Qu'entend-on par " erreur d'utilisation d'un médicament " ?

« Toute erreur qui empêche le patient de recevoir le médicament adéquat, à la posologie correcte, à l'horaire préconisé et par la bonne voie d'administration. »

Pourquoi l'enfant est-il plus souvent exposé ?

  • Les parents constituent un intermédiaire supplémentaire entre le prescripteur, le pharmacien et le patient.
  • L'automédication est fréquente en raison de nombreuses affections d'aspect identique, souvent bénignes, se succédant durant l'enfance (plutôt que de consulter encore une fois son médecin, on ressort les médicaments restant, prescrits le mois dernier).
  • Il existe peu de formes galéniques propres à l'enfant, d'où une grande fréquence des prescriptions non conformes à l'autorisation de mise sur le marché (AMM).

Selon une étude réalisée en collaboration avec les Centres Anti-poisons, en six mois, 1.108 erreurs d'utilisation médicamenteuse chez les enfants ont été recensées. Ces erreurs ont été symptomatiques chez 17% d'entre eux : manifestations neurologiques (38%), digestives (34%), cardiaques (7%) ou autres. Ces petits patients ont en moyenne trois ans.

  • La personne à l'origine de l'erreur est : la famille (dans 87% des cas), le pharmacien (4%), le médecin (3%) ou l'infirmière (1%).
  • L'origine du mésusage est : une automédication (dans 31% des cas), une mauvaise exécution de la prescription (30%), une erreur de délivrance (3%), une incompréhension de l'ordonnance (2%), une mauvaise rédaction de l'ordonnance (1%).
  • Le type d'erreur concerne : la posologie (31%), le médicament (30% - le plus souvent en raison d'une automédication), le dosage administré (15%), la voie d'administration (11%), le non-respect des contre-indications dues à l'âge (4%), la forme galénique (2%), la vitesse d'administration (1,5%), la dilution (1%).
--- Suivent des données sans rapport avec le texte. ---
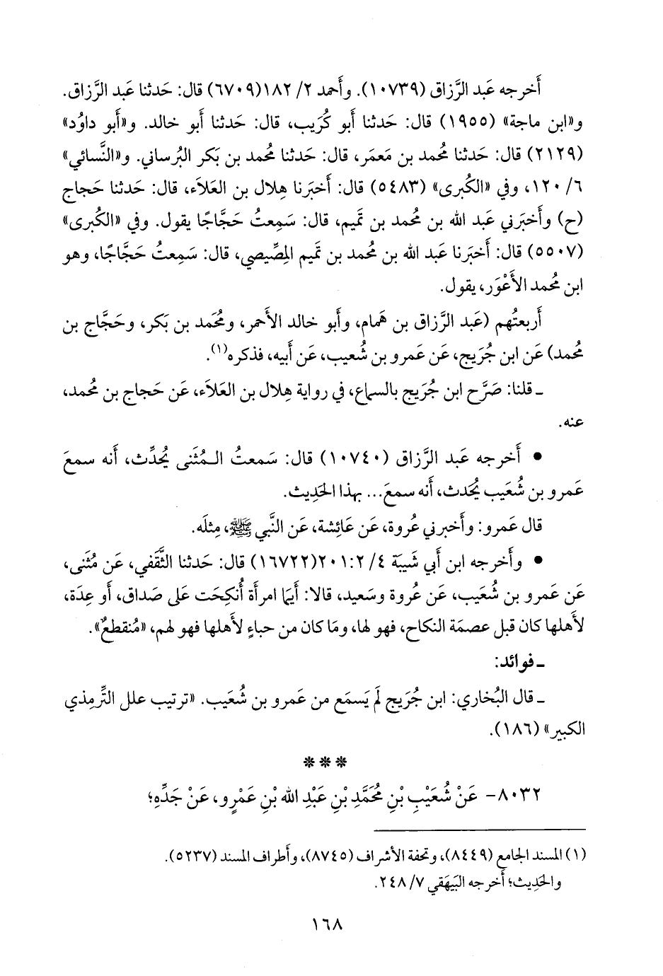 أربعتهم (عبد الرزاق بن همام، وأَبو خالد الأحمر، ومحمد بن بكر، وحجاج بن محمد) عن عبد الملك بن جُريج، عن عَمرو بن شعيب، عن أبيه، فذكره (¬١).
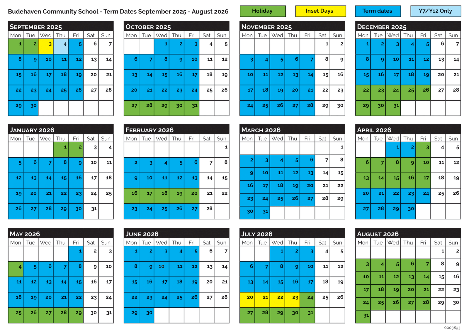 Visit the official Budehaven Community School Website for any updates to term dates and events.
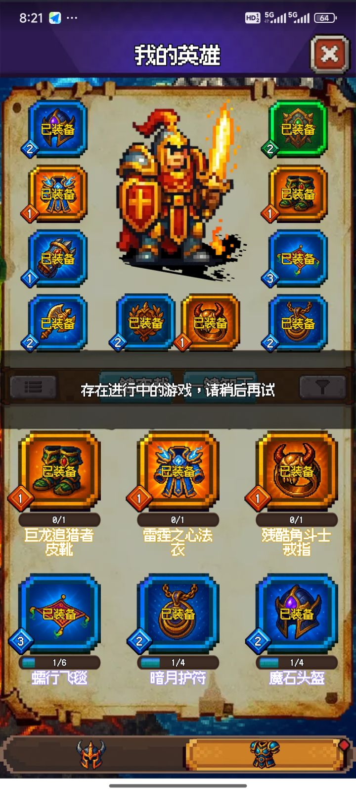 存在进行中的游戏,请稍后再试?这是服务器崩了?换装备,和强化装备时遇到的。
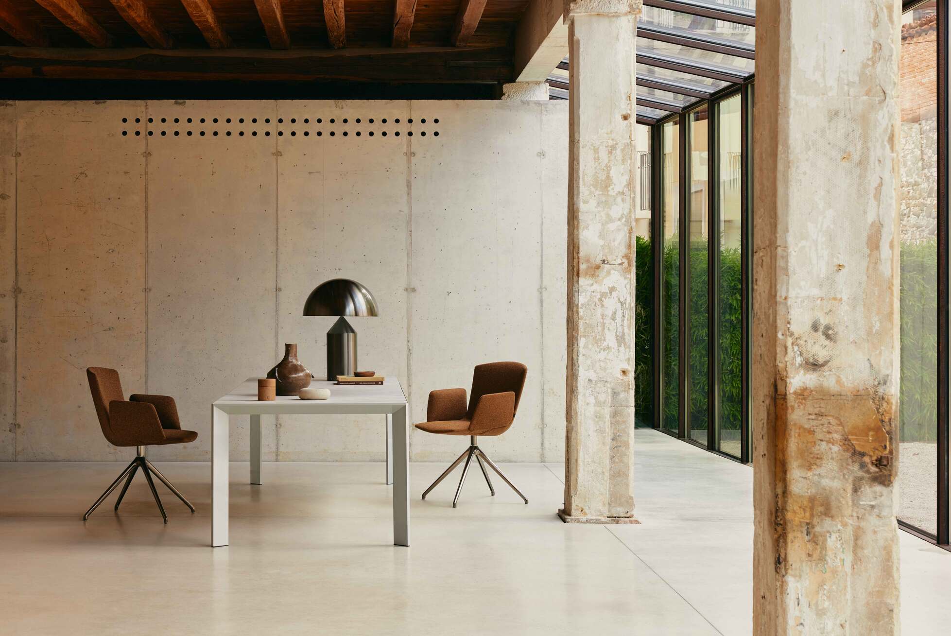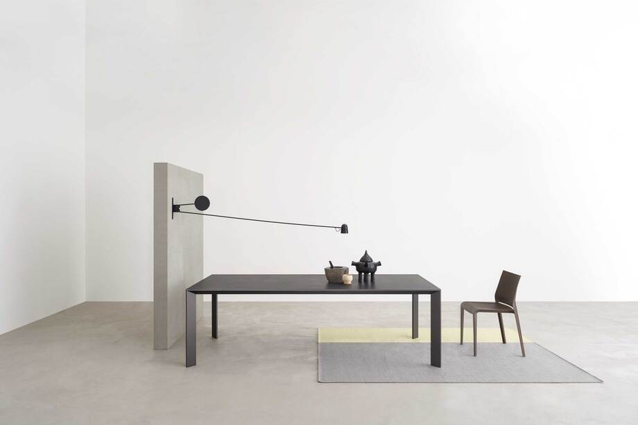 A sophisticated table designed by Pierluigi Cerri, Mac is a masterful concept of geometric and constructive rationality with an almost architectural line.

Les erreurs de posologie surviennent surtout avec la voie orale (80%), notamment avec les solutions, les gouttes et les sirops (si le goût est apprécié, on en prend un peu plus en se disant qu'on guérira plus vite, s'il n'est pas apprécié, on en prend un peu moins pensant que l'effet sera suffisant). Les erreurs de médicament et de voie d'administration se rencontrent plutôt avec les solutions pour usage externe (29%) et les solutions pour inhalation (19%), administrées de façon erronées par voie orale (73%). Le suppositoire est la forme galénique entraînant le plus d'erreurs, certainement parce qu'il ne permet pas un fractionnement, qu'il est souvent prescrit chez l'enfant en raison de son utilité lors de vomissements ou du refus de prise parce que son mode d'administration le banalise. Viennent ensuite les sirops, les formes orales solides et les gouttes ORL (à usage externe), fréquemment confondues et administrées à la place d'un autre médicament, donc par une voie d'administration inadaptée.
Publié par Isabelle Eustache, journaliste santé le Mardi 29 Octobre 2002 : 01h00
Source : Conférence de presse, Combattre le mésusage du médicament en pédiatrie, Pr Elisabeth Autrer-Leca (Tours), Dr Daniel Vasmant (Groupe Médicament, SNIP), Micheline Bernard-Harlaud (Conseil national des associations familles laïques), 21 octobre 2002. Les erreurs d'utilisation des médicaments en pédiatrie : étude française prospective, Dr Annie-Pierre Jonville, Pr Elisabeth Autret, Service de Pharmacologie Clinique - Centre Anti-Poisons, CHRU Bretonneau - Tours, octobre 2002.